▶ [Record extracts]:
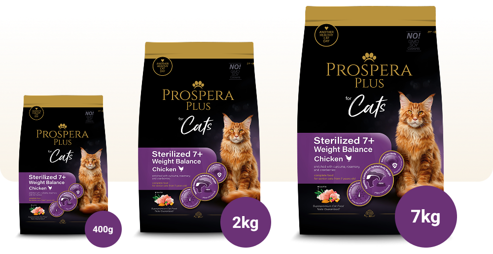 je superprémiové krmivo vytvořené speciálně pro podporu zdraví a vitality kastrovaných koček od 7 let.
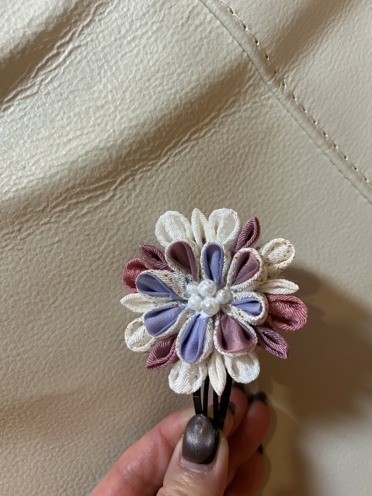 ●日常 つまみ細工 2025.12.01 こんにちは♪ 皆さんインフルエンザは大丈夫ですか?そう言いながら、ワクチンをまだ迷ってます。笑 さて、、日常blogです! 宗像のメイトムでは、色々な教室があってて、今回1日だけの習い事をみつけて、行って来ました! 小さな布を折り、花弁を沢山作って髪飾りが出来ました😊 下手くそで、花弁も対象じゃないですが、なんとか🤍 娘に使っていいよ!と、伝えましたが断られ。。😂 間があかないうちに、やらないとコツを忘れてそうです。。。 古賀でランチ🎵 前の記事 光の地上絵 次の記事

* * *

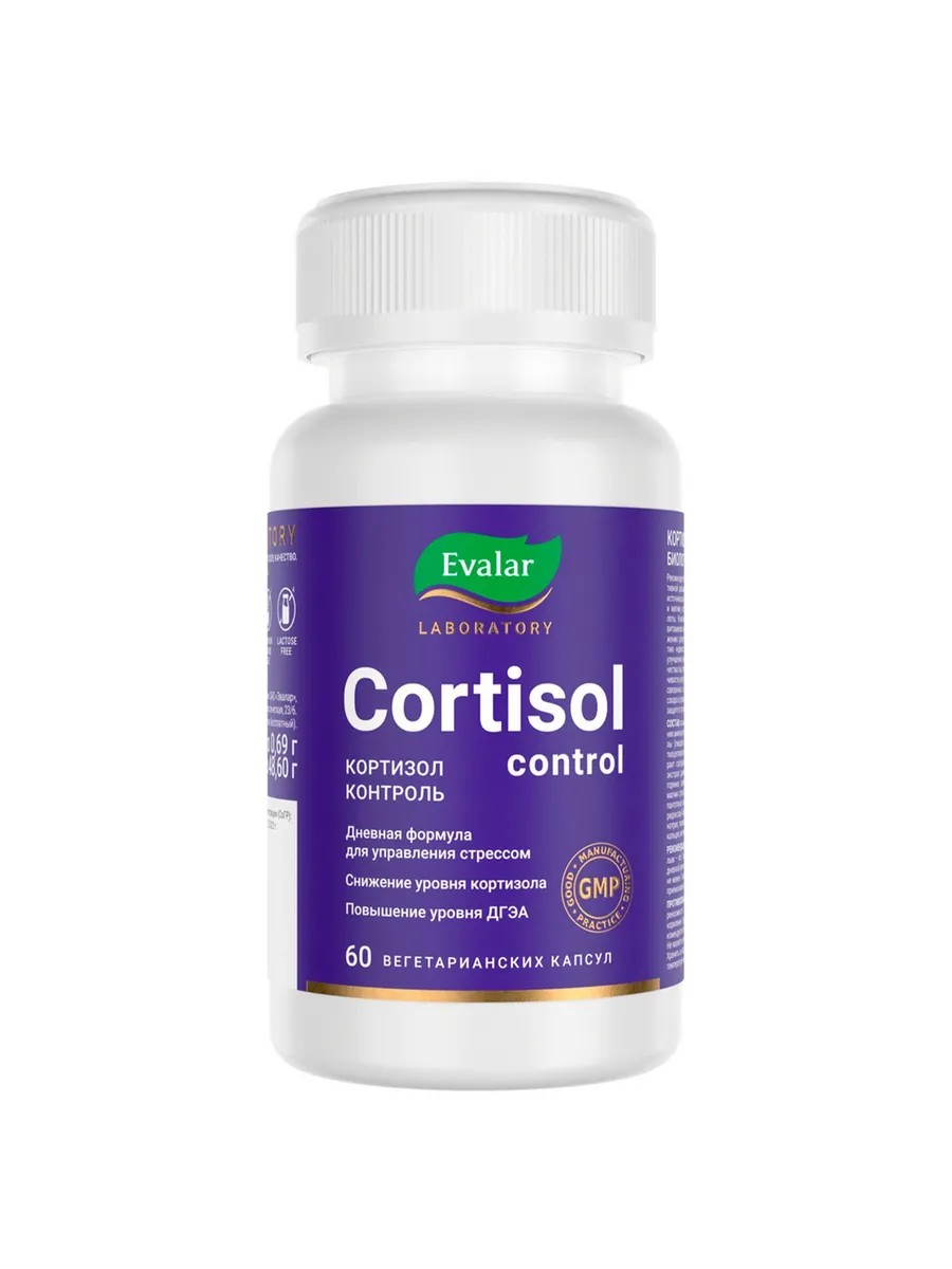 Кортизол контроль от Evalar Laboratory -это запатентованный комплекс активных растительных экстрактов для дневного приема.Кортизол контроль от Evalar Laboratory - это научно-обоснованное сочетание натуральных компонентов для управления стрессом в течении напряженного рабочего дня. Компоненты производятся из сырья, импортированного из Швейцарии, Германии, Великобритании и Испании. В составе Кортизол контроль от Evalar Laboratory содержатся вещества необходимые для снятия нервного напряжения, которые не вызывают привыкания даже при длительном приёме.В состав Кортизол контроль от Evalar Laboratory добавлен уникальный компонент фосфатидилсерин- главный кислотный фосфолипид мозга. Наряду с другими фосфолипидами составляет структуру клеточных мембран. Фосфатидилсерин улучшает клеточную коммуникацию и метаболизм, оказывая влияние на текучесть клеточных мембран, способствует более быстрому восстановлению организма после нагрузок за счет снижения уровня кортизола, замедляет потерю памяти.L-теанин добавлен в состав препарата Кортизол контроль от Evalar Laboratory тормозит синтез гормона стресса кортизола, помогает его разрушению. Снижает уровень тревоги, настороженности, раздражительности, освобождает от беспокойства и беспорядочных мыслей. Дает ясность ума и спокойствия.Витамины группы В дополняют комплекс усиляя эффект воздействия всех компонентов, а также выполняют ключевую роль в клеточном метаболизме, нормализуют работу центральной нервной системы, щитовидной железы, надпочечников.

--

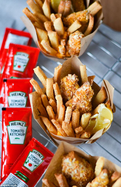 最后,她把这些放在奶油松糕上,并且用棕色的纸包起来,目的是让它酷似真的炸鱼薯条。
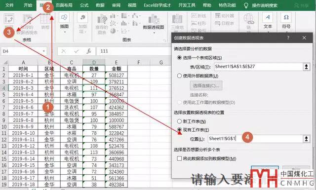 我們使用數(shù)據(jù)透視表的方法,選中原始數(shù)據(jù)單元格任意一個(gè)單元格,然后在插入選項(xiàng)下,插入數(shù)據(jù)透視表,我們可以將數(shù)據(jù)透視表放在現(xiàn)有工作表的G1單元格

▶ [Exercise prompt]: Reproduce the lines above beginning at the line that contains "je superprémiové krmivo" and ending at the line that contains "前の記事 光の地上絵 次の記事". No pictures.

▶ [Task response]:
 je superprémiové krmivo vytvořené speciálně pro podporu zdraví a vitality kastrovaných koček od 7 let.
 ●日常 つまみ細工 2025.12.01 こんにちは♪ 皆さんインフルエンザは大丈夫ですか?そう言いながら、ワクチンをまだ迷ってます。笑 さて、、日常blogです! 宗像のメイトムでは、色々な教室があってて、今回1日だけの習い事をみつけて、行って来ました! 小さな布を折り、花弁を沢山作って髪飾りが出来ました😊 下手くそで、花弁も対象じゃないですが、なんとか🤍 娘に使っていいよ!と、伝えましたが断られ。。😂 間があかないうちに、やらないとコツを忘れてそうです。。。 古賀でランチ🎵 前の記事 光の地上絵 次の記事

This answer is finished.